Smalltalk was actually getting a foothold in the enterprise when Java happened and everyone switched to it.
Eclipse was originally a Smalltalk environment (Visual Age for Smalltalk).
Yes, files also played big a role, because it was not possible to use source control systems with Smalltalk that worked across implementations. So you were bound to a specific vendor.
And actually Sun approached Viacom to license Smalltalk at much less than what they were currently charging. Viacom wouldn't budge so Sun invested in "Oak" that they were already playing with in house.
I made the switch from Smalltalk to Java. I remember how disappointing it was to return to such a primitive language. I also used the VisualAge for Java products, which I recognized immediately as Smalltalk tools. I wasn't at all surprised to find out they were actually written in Smalltalk
If you look at JavaScript and the web browser... well, it's more like a Smalltalk system than a UNIX system! There are no files! It has a weird little dynamic multi-paradigm language! The web browser become the spiritual offspring of Smalltalk as soon as Brendan tacked on JS. :)
Look how WEIRD package management gets for JS when you try and make it supported by UNIX and the filesystem!
As for tools becoming language dependent... what about sourceMaps? Look at how CoffeeScript integrates with our workflow tools these days!
The biggest problem with Smalltalk was that it was made for Personal Computing, and ALWAYS had issues running other people's code or integrating well with collaborators.
The web browser and JavaScript solve a lot of these issues with the whole sandboxed code environment...
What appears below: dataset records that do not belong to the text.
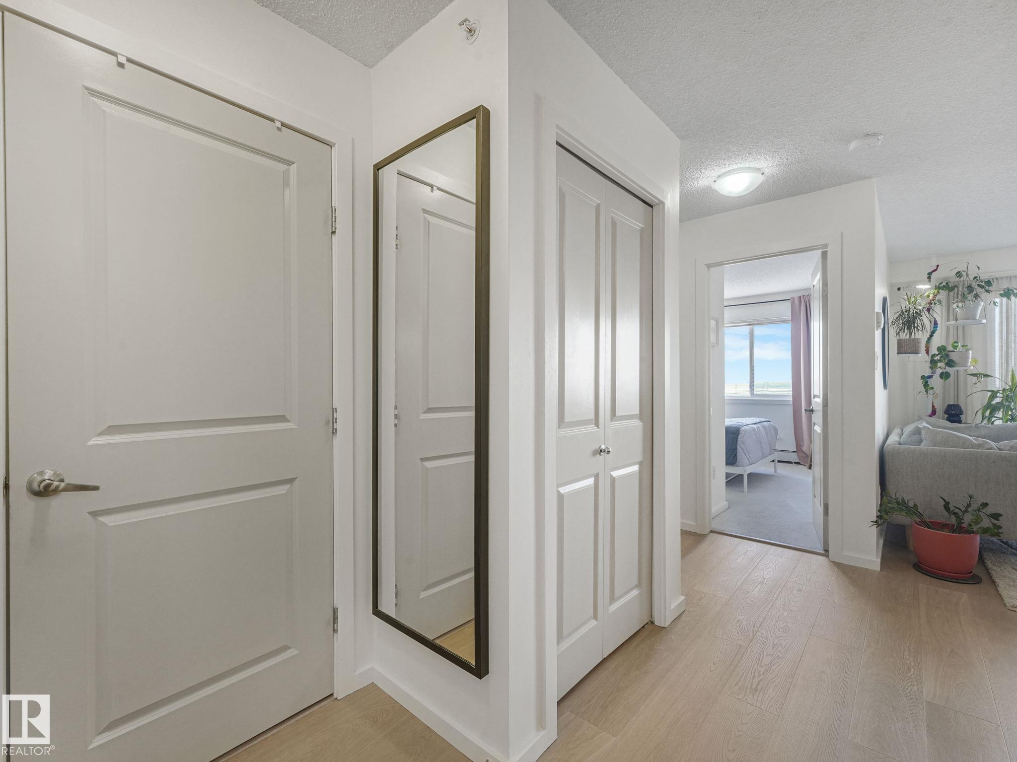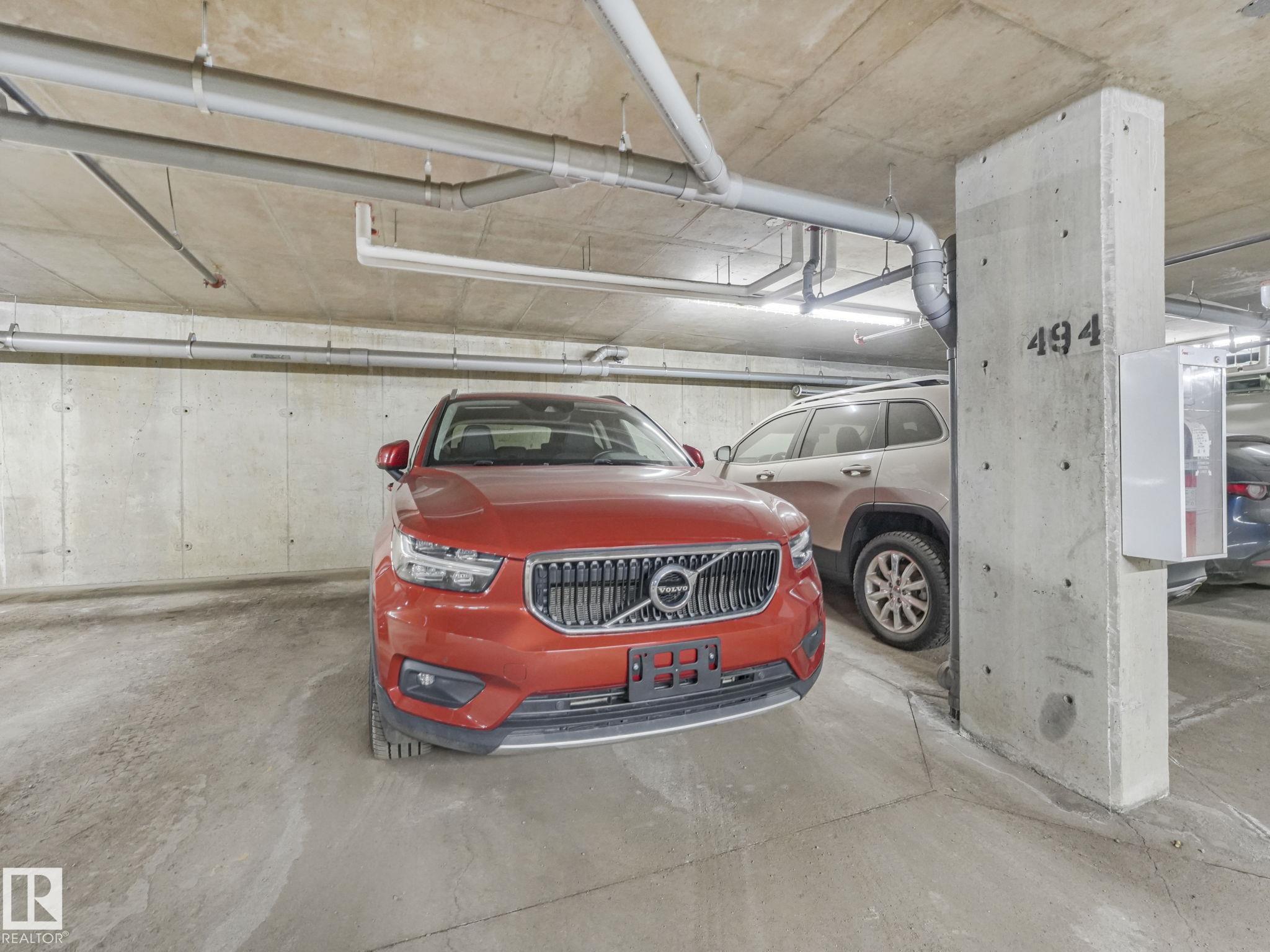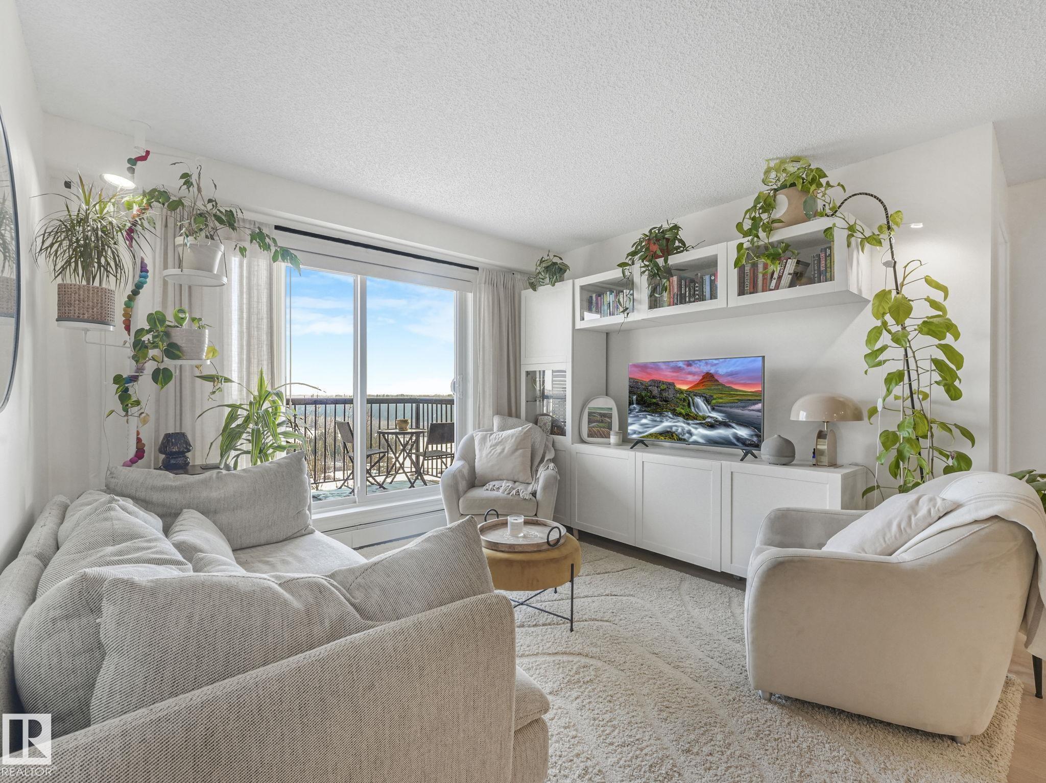 TOP FLOOR, bright, updated unit with unobstructed views of the river valley! 810 sq ft, 2 bedrooms / 2 full baths, plus 2 titled UNDERGROUND HEATED parking stalls and storage cage (located on the same floor as the suite). Open-concept layout with an island kitchen with stainless steel appliances, pantry, a new built-in coffee nook. Fresh white paint throughout, and new laminate flooring in kitchen/living room. Microwave/hoodfan, dishwasher, kitchen faucet are new. Unit has insuite laundry! Easy access to Vi...
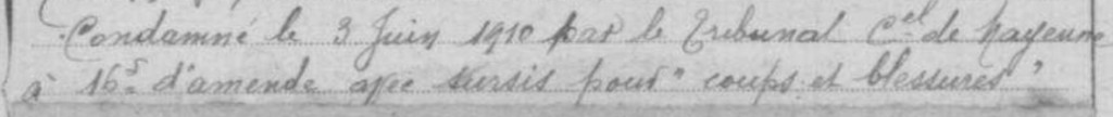 Sur sa fiche matricule, je découvre qu’il a été condamné, le 3 juin 1910, pour « coups et blessures ». Sortie un peu trop arrosée ou dispute qui se termine mal ?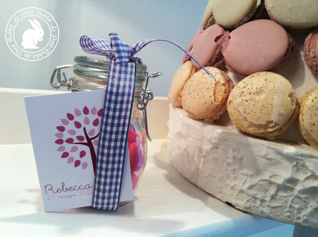Come sapete siamo nel clou della stagione matrimoni, battesimi, comunioni, cresime…e quindi tante piccole e grandi produzioni. Oggi vi mostro un’idea per delle bomboniere adatte per le celebrazioni dei più piccoli. Dalla collaborazione con la mia ormai amata Biancamaria di Marie Antoinette ecco a voi un barattolino di vetro contente confetti lilla, rosa e bordeaux, confezionato con un nastro vichy accompagnato in ultimo da un bigliettino personalizzato. Non c’è che dire, sono sempre i piccoli dettagli che possono fare una grande differenza.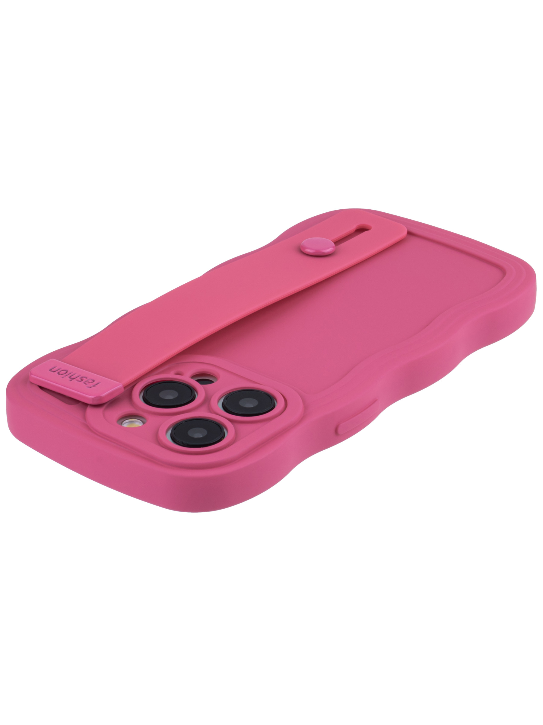 Силиконовый чехол Style для iPhone 15 Pro розово-красный с ручкой

The web has NOTHING to do with files, so it seems like the perfect place to just forget about them and move forward...
Relays and switches only got us so far... Machine code only got us so far... UNIX only got us so far...
Why have we lost the courage to continue looking for better solutions and being brave enough to throw away certain concepts?
I mean, look at mobile and touch computing! iOS and Android are completely abandoning the concept of files!
Why? Because they don't really have to be there... Again, look at Smalltalk... and I know, it "failed", but do you really think it failed because it didn't have files? Is that the one reason? Is it even a reason at all??